***** Dataset *****

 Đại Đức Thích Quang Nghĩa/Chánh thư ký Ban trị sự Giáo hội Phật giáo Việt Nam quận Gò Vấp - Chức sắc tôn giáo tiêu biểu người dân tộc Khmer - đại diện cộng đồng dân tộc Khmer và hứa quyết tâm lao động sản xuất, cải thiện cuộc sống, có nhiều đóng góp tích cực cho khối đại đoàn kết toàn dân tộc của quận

*****
***** Dataset *****

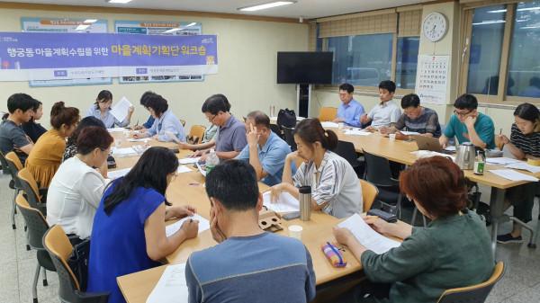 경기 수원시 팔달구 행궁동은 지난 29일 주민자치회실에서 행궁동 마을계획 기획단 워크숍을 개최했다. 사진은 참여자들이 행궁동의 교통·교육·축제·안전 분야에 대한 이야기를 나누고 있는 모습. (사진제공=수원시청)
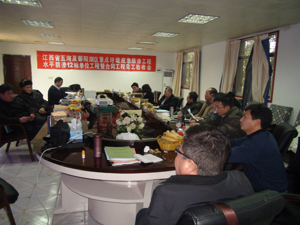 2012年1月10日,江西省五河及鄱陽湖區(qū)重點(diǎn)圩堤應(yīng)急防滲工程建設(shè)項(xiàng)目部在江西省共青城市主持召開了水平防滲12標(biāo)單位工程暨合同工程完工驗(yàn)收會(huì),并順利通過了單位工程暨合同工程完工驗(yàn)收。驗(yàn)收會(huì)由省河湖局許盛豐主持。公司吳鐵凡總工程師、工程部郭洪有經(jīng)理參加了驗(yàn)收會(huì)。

*****

■ Exercise instructions ■
All lines above starting at the one with "경기 수원시 팔달구 행궁동은" and ending at the one with "2012年1月10日,江西省", inclusive, are to be printed again exactly, with the pictures left out.

■ Task response ■
 경기 수원시 팔달구 행궁동은 지난 29일 주민자치회실에서 행궁동 마을계획 기획단 워크숍을 개최했다. 사진은 참여자들이 행궁동의 교통·교육·축제·안전 분야에 대한 이야기를 나누고 있는 모습. (사진제공=수원시청)
 2012年1月10日,江西省五河及鄱陽湖區(qū)重點(diǎn)圩堤應(yīng)急防滲工程建設(shè)項(xiàng)目部在江西省共青城市主持召開了水平防滲12標(biāo)單位工程暨合同工程完工驗(yàn)收會(huì),并順利通過了單位工程暨合同工程完工驗(yàn)收。驗(yàn)收會(huì)由省河湖局許盛豐主持。公司吳鐵凡總工程師、工程部郭洪有經(jīng)理參加了驗(yàn)收會(huì)。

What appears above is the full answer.